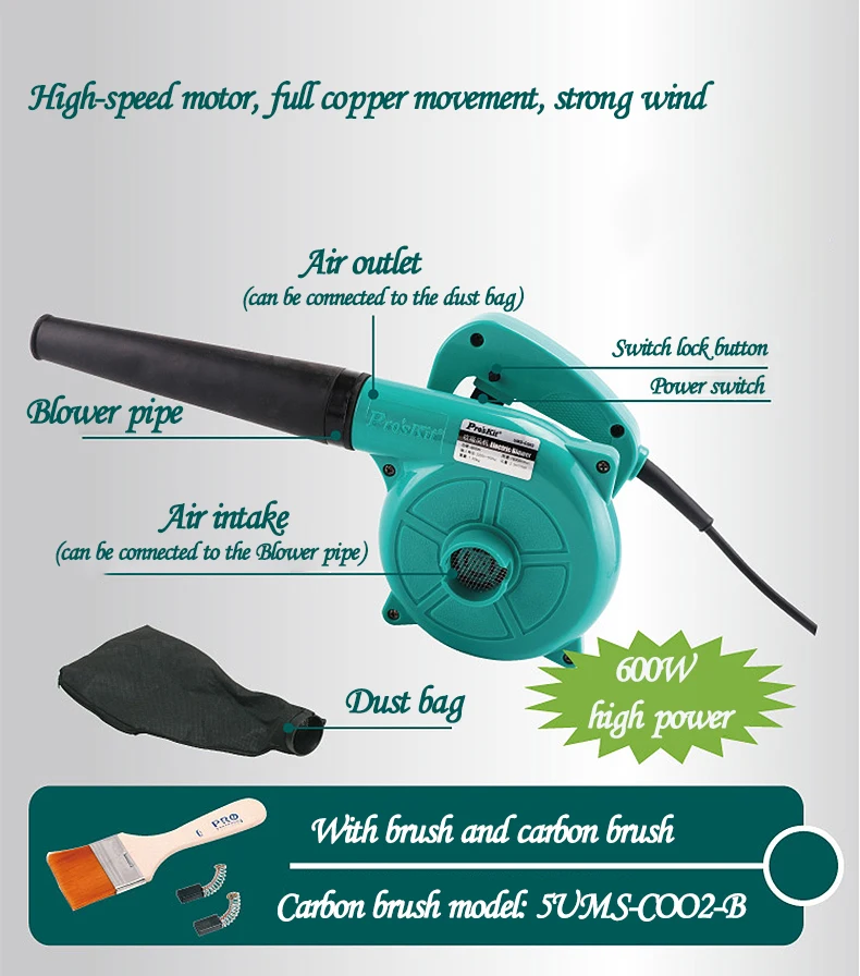 600W Electric Air Blower Vacuum Blowing Duster Pro’skit UMS-C002 Household Computer Dust Soplador Electric Blower cleaning tool
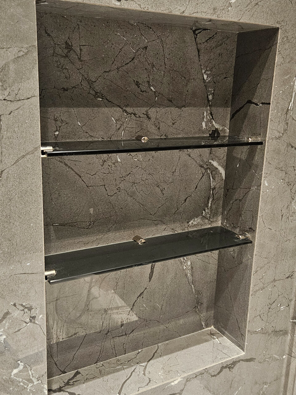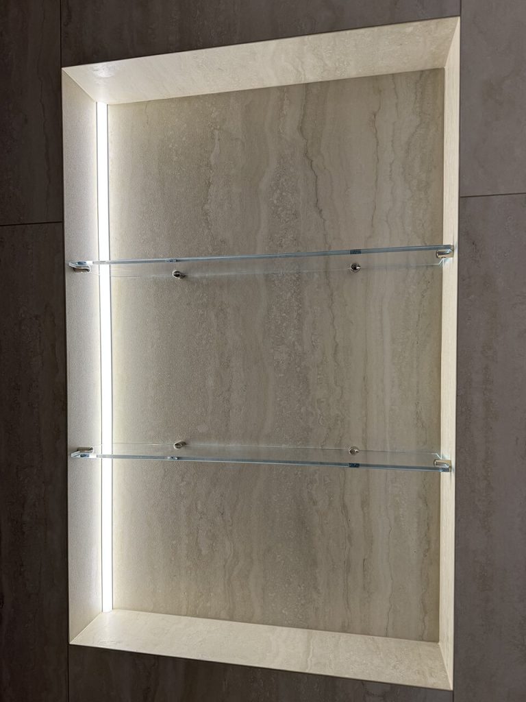 Кроме закалённого стекла, для некоторых полок используется триплекс, который дополнительно защищает от разрушения и повышает безопасность. Такой материал особенно актуален для больших полок или мест с высокой нагрузкой, где важно сочетание эстетики и надёжности.
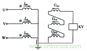 三個單相電壓互感器Y0/Y0形如圖3所示。供電給要求線電壓的儀表、繼電器,並供給接相電壓的絕緣監視電壓表。
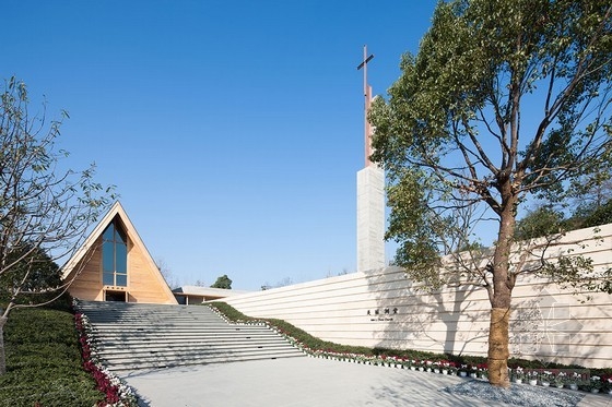 這個教堂位于杭州山水環繞的市郊地帶,房地產商對周邊環境的開發,大大豐富了當地居民的生活。教會由大禮拜堂、一條走廊相連的亭廊、小教堂、圖書館以及一些管理用房組成。教堂的背后是大片的樹林,事務所的設計意圖是通過對特色景觀的捕捉豐富教堂的獨特魅力。
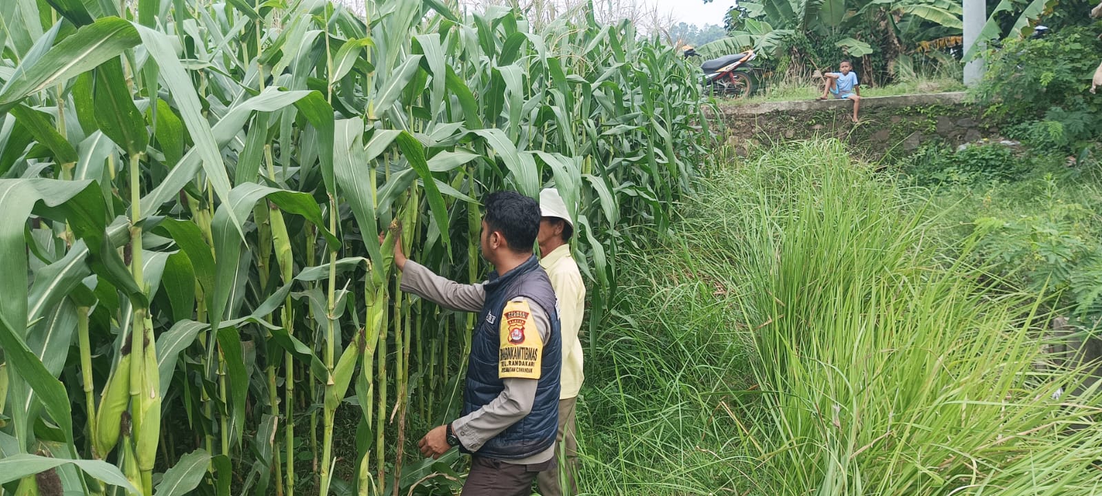 Kapolres Cilegon Polda Banten AKBP Dr. Martua Raja Taripar Laut Silitonga Melalui Kapolsek Ciwandan Polres Cilegon Polda Banten KOMPOL Andi Suherman Mengatakan bahwa Bhabinkamtibmas Polsek Ciwandan melaksanakan giat Sambang dan Silaturahmi dalam Pengecekan Tanaman Jagung Dan Lahan yang akan Ditanami Jagung Jenis Pipil Dengan lahan tanah Yang digarap oleh Petani.
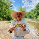 On 6/07/22, FATC member Denny Garner and I, Al Harper, enjoyed a nice float down the Meramec River in an inflatable drift boat.  On that trip we caught both trout and smallmouth (with an occasional — almost accidental — bluegill or pumpkin seed bream as well).
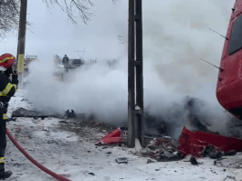 VIDEO//Accidentul de la Roșiori: Autoturismul a ars în totalitate fără să existe supraviețuitori
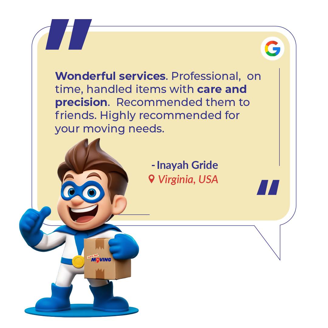 Excellent service from start to finish. The movers were professional, quick, and super helpful. Highly recommend Let’s Get Moving!
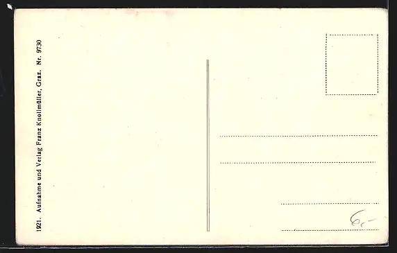 Personenbezogene Daten auf der Rückseite der Karte wurden durch blauen Textmarker unkenntlich gemacht. Die blauen Stellen sind auf die Vorderseite durchgeweicht und wirken sich negativ auf das Postkartenfoto aus
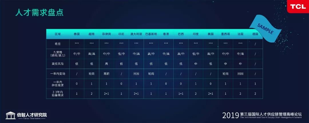 ,盘点不仅仅是盘人才,一定要盘到组织!通过盘点岗位和组织能力的需求,输出一张盘点结果图表。我们到底在哪些国家、哪些岗位需要多少人,在它的后备岗位上需要多少人,这些人从内部找还是外部招,就已经一目了然。
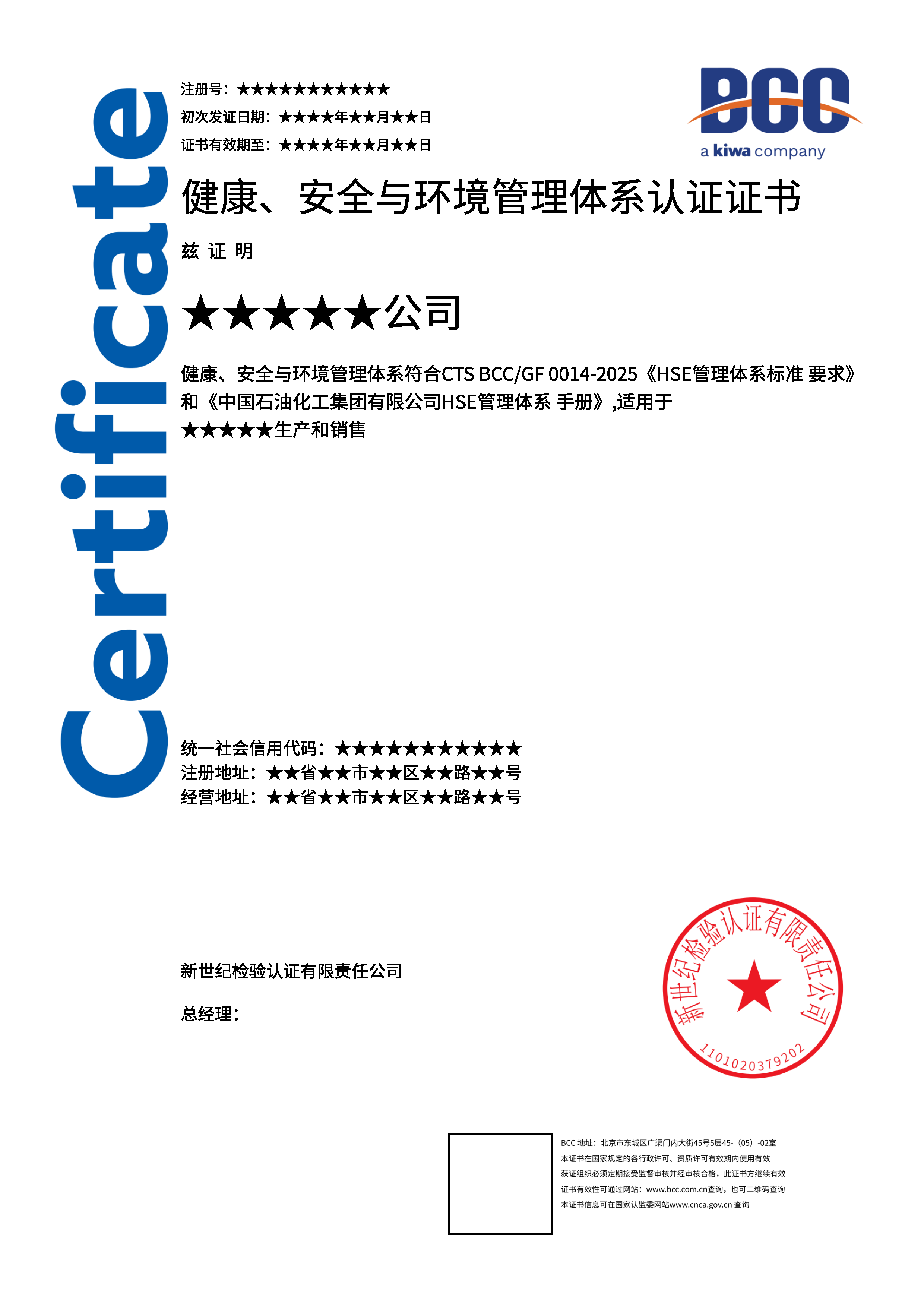 本頁涉及的認證服務中均有對應的《認證實施規(guī)則》,BCC擁有其最終解釋權。任何組織及個人未經(jīng)BCC許可,不得以任何形式全部或部分使用(法律要求除外)認證相關信息。如需獲取相關實施規(guī)則請用以下方式聯(lián)系獲?。弘娫挘?10-58579316 郵箱:fwjs@kiwa.cn
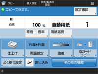 「ホーム」や基本画面に表示されている を押すと、ボタンの並べ替えやショートカット作成など、画面をカスタマイズすることができます。タッチパネルディスプレーをカスタマイズする![]() 「電源を入れた直後の画面」、「用紙やトナーの残量に関するメッセージ」など、画面表示に関する各種設定を変更することができます。<表示設定> 一定時間操作しなかったときに表示される画面を設定することができます。<オートクリア後の機能> |
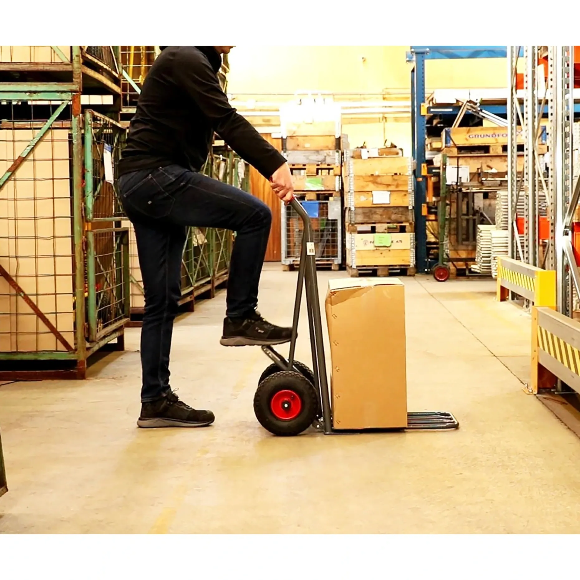 Ravendo sækkevogn med Tip-Let er designet til alsidig brug på byggepladsen, i lageret og på kontoret. Tip-Let funktionen reducerer belastningen med 50 %, hvilket gør løft og tippemoment lettere for én person. Den fuldsvejsede rørkonstruktion giver høj robusthed og lang levetid under daglig brug.

◆ **What to do**: Transcribe, without alteration, each line from the one with "VIDEO//Accidentul de la" through the last line of the data; no pictures belong in the copy.

◆ **Solution to this exercise**:
 VIDEO//Accidentul de la Roșiori: Autoturismul a ars în totalitate fără să existe supraviețuitori
 Excellent service from start to finish. The movers were professional, quick, and super helpful. Highly recommend Let’s Get Moving!
 Personenbezogene Daten auf der Rückseite der Karte wurden durch blauen Textmarker unkenntlich gemacht. Die blauen Stellen sind auf die Vorderseite durchgeweicht und wirken sich negativ auf das Postkartenfoto aus
 ,盘点不仅仅是盘人才,一定要盘到组织!通过盘点岗位和组织能力的需求,输出一张盘点结果图表。我们到底在哪些国家、哪些岗位需要多少人,在它的后备岗位上需要多少人,这些人从内部找还是外部招,就已经一目了然。
 本頁涉及的認證服務中均有對應的《認證實施規(guī)則》,BCC擁有其最終解釋權。任何組織及個人未經(jīng)BCC許可,不得以任何形式全部或部分使用(法律要求除外)認證相關信息。如需獲取相關實施規(guī)則請用以下方式聯(lián)系獲?。弘娫挘?10-58579316 郵箱:fwjs@kiwa.cn
 「ホーム」や基本画面に表示されている を押すと、ボタンの並べ替えやショートカット作成など、画面をカスタマイズすることができます。タッチパネルディスプレーをカスタマイズする![]() 「電源を入れた直後の画面」、「用紙やトナーの残量に関するメッセージ」など、画面表示に関する各種設定を変更することができます。<表示設定> 一定時間操作しなかったときに表示される画面を設定することができます。<オートクリア後の機能> |
 Ravendo sækkevogn med Tip-Let er designet til alsidig brug på byggepladsen, i lageret og på kontoret. Tip-Let funktionen reducerer belastningen med 50 %, hvilket gør løft og tippemoment lettere for én person. Den fuldsvejsede rørkonstruktion giver høj robusthed og lang levetid under daglig brug.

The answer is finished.